Siemens has a guy over SE named John Miller that no one sees. No one hears from him and he has absolutely no desire to make chips or promote manufacturing or SE. Unlike Karsten Newbury who while he did not personally cut parts had a manufacturing degree and DID get the idea. Siemens ran him off and replaced him with a mindless drone place holder. This then is the measure of what these two companies believe and think of you the customer. Remember you make a living based upon the software you use and you better think hard about what regard the authoring company has for you. If I was an SE VAR I would be seriously concerned since it is clear Siemens does not worry about the future with anything SE.

So on one hand we have Inventor Pro HSM everything Autodesk has to offer for $10,000.00 and $1,500.00 per year. Over there we have SE + CW4SE at $20,000.00+ and at least $4,000.00 per year and this is far from everything there is to offer. You stick in 5 axis for CW4SE and you are probably up to nosebleed heigths. On one side we have a software company that believes in manufacturing and has spent money to buy the tools to make economical best in class manufacturing a reality if not now in the near future. They make their living off of software and it has to be right or they won’t thrive. On the other we have an ossified manufacturing concern where the software they purchased represents a tiny fraction of their gross and they quite frankly don’t care about you. They bought the software to improve their internal efficiencies. At one time I thought this was a good thing but now conclude for SE users it was not. A program on autopilot in a company that could care less about you is not good.

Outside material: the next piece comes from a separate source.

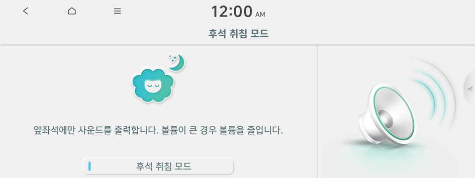 뒷좌석 탑승자가 취침과 휴식을 잘 취할 수 있도록 시스템의 음량을 조절할 수 있습니다.

On one hand we have a company that offers free software to startups and free two axis machining to SW and Inventor users. They desire to be your partner. On the other hand we have, well we have Siemens SE. Run by what’s his face and stifled by UGS hatchet men in combination with Geometric who evidently only cares about your results when the heat is on. Oh, and two axis milling for SW and SE users is $4,500.00. People who like your money but don’t see things as a two way street where the benefits must accrue to both sides of the equation.

I have not made up my mind about SE in the title of this blog. I still really like the program and the Siemens UGS people can’t kill the productivity already there they can only limit it’s future development. I sit here with fond memories and a program that is still my principle modeler. It feels more and more though like Solid Edge belongs in the title of this blog as a memorial to what was and not what will be. Sure do miss you Karsten and what you represented that is no longer here.

Are Marketing and Publicity People really Aliens?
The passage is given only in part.